Blizzard recently banning a Hearthstone player due to a statement they made about Hong Kong has now put me in a personal quandary. On the one hand I’m really enjoying WoW Classic and want to keep playing. On the other hand giving money to Blizzard is pretty directly telling them its ok to side with a dictatorship, and that money is a higher priority than free speech. I can even understand why Blizzard did it; they are ok with losing some customers outside of China over losing potentially all their customers in China. It is, at the end of the day, a purely financial decision, as I doubt anyone high up at Blizzard is especially pro-dictatorship (you’d hope?)
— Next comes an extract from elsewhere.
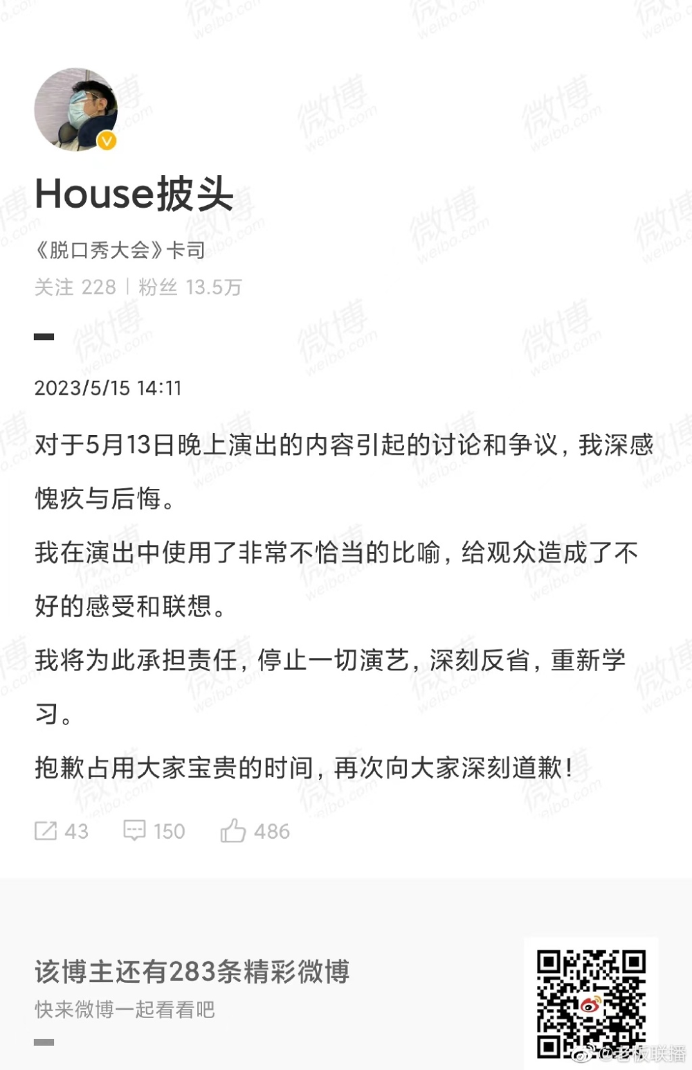 刚刚,脱口秀演员@House披头发文称:对于5月13日晚上演出的内容引起的讨论和争议,我深感愧疚与后悔。我在演出中使用了非常不恰当的比喻,给观众造成了不好的感受和联想。我将为此承担责任,停止一切演艺,深刻反省,重新学习。抱歉占用大家宝贵的时间,再次向大家深刻道歉!

Back to me, do I stop playing a game I’m enjoying just to make a statement, however small that statement is to Blizzard? Yes, as obviously cancelling my sub is the right thing to do. And there is even some wiggle room here as I have a 6 month sub, so I could cancel now and keep playing, and by the end of the sub period maybe Blizzard has changed course (not likely) or maybe I’m done/bored with Classic (also not looking likely), or at that time I make the minor sacrifice of not playing Classic. Stinks if it comes to that, but in some ways it really is a reflection of the times we live in, and the stakes behind the decisions we make. Plus compared to those in Hong Kong who are protesting, its not exactly a large sacrifice on my end.

About SynCaine

Former hardcore raider turned casual gamer.
This entry was posted in Inquisition Clan, Mass Media, Random, Site update, World of Warcraft. Bookmark the permalink.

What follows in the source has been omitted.